Confessions is back! Send your confessions in at [email protected] or DM us on Facebook, Twitter or Instagram. Everything we publish is 100% anonymous – just give an alias you’d like us to use.
Let’s go…
[no name]
I got a three month pack of contact lens fluid from Boots that was marked down from £23 to £6. Two weeks later an email told me there was a product recall on the fluid as they could not guarantee the sterility. I carefully peeled off the £6 sticker and got a £23 refund.
Resistance
I had sex with a known slag 3 years ago (self confessed slag) who told me she had herpes before we had sex. Guess what? I didn’t get herpes. I live life on the edge!
dickiez
One year at uni I got drunk and conked out at a party. My mates thought it would be funny to write on me with biro pens or whatever.

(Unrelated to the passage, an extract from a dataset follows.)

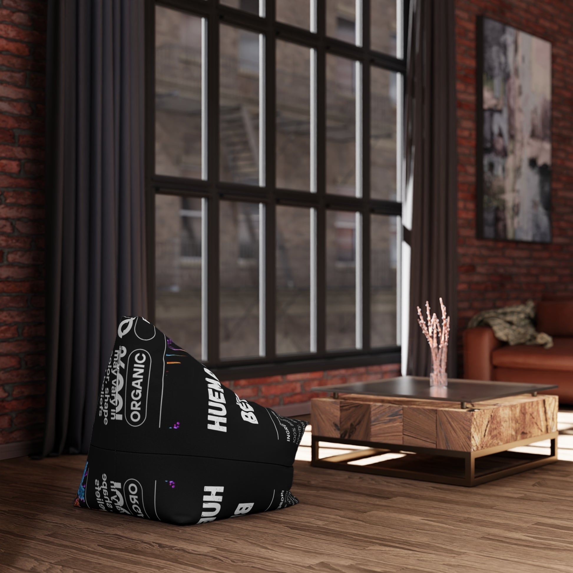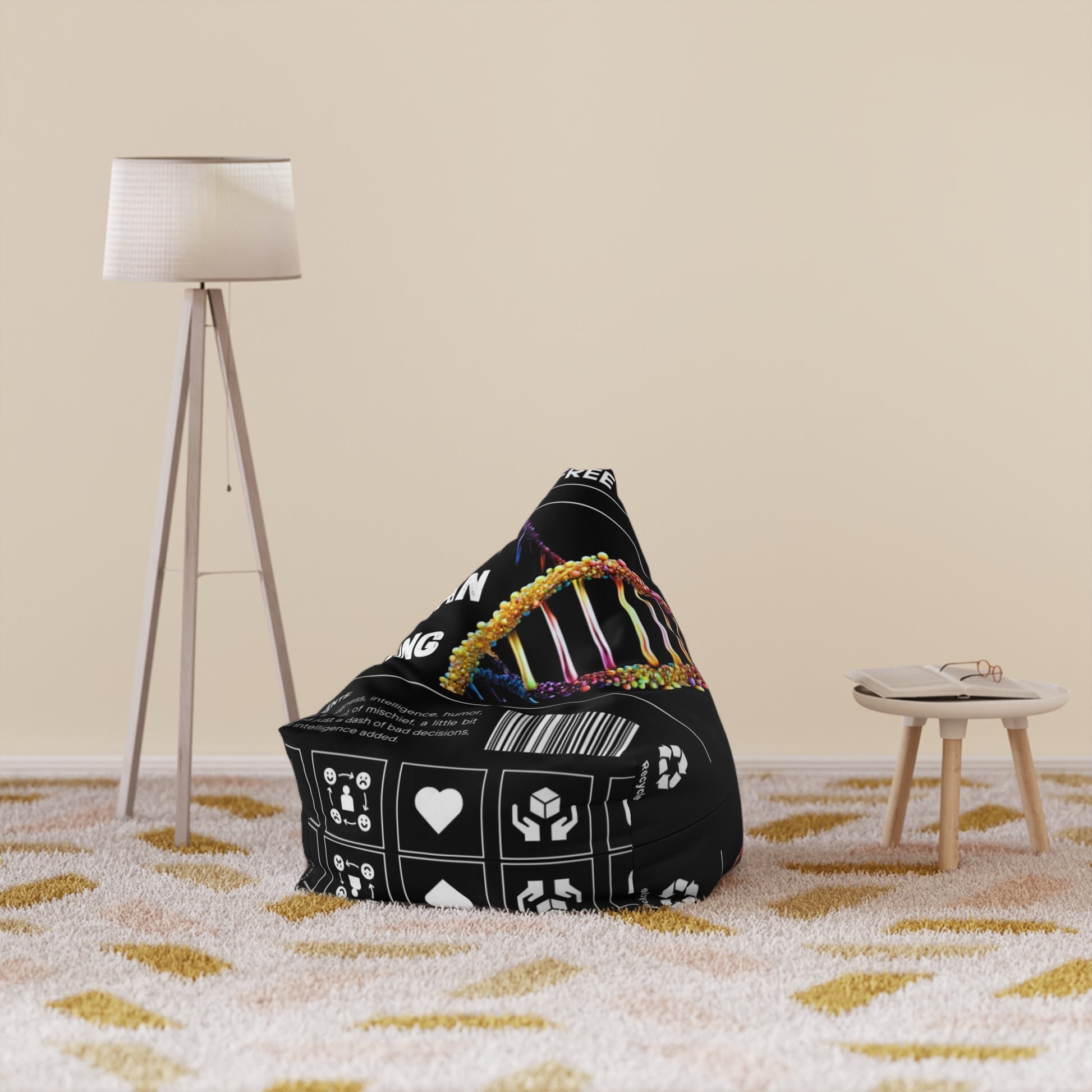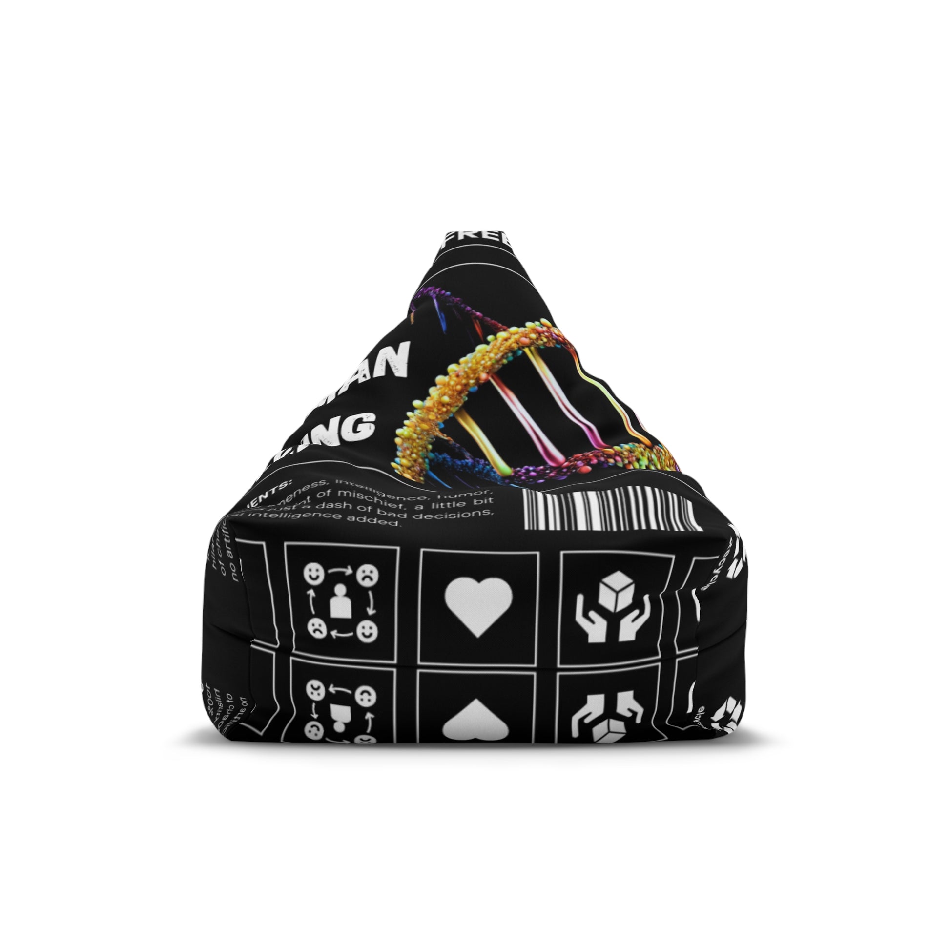 Sink into a sculpted, colorful statement piece that feels like a little thinking nook. This bean bag cover wears a bold, black background printed with bright, neon-like graphics and clear icon panels — a modern, slightly techy look that reads like a curated poster stretched over soft form. The sturdy polyester canvas holds its shape while the hidden locking zipper and sewn-in inner case keep beads contained and tidy. Choose small for compact corners and cozy reading forts, or go big to shape a lounging anchor in a living room or studio. It ships empty so you can fill to your preferred firmness and create the exact sink-and-support you want.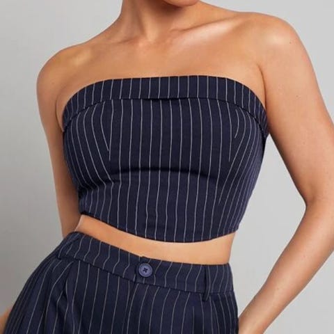 Mørkeblå bandoo top med nålestriber

I woke up and ended up walking back to my accommodation by myself. On the way I ran into this girl (average looking) who was weirdly eager to help me home. Anyway she did and ended up scrubbing the pen off my face and neck for me with a sponge. Ended up having rubbish sex with her on my floor.
simplertimes
When i was younger my parents bathroom had a big bath tub with a little 5 inch TV in the wall. Used to sit there in the bath watching Eastenders and wanking off to Kat Slater.
lenosaurus
At uni I had a friend who was a short, fat, lazy slob. He ordered Chinese food so often that the chinese owner called his mobile to personally tell him that their number had changed. Anyway, one day we woke up to him shouting the house down and throwing furniture at the wall. Our housemate and some girl he brought back had raided his leftover Chinese the previous night. We had to call the police because he kept banging his head against a glass door when we tried to calm him down. Really shocked me how one person’s world could revolve around food so much.
bsvrdrv4u
My counter offer for a job in a new field was surprisingly accepted and my boss’s closing sentence was “you’ll now be one of our highest paid workers, so that shows my hopes for you”. I am underqualified for the role and haven’t had a good night’s sleep since. Crippling impostor syndrome.
mr mushroom
Took a piss in the garden while having a cig and I’m pretty sure my milf neighbour saw my penis. She hasn’t looked at or talked to me since so I don’t think she was very impressed.
[no alias]
I go into the toilet at work just so I can pick my nose without anyone seeing
BBBoy
My girlfriend used to let me have sex with her bareback and even cum inside her, now she insists I wear a condom every time because she doesn’t want to be on the pill. I know it’s awful to say but it’s really getting me down and I resent her for it. She’s changed…
Mylifeisamess
I quit my job 2 weeks ago now but am scared to tell my parents in case they kick me out, instead of being honest I go and sit in my car down the street for hours at a time.
barely2inch
My girlfriend has never seen my flaccid willy and I intend to keep it that way.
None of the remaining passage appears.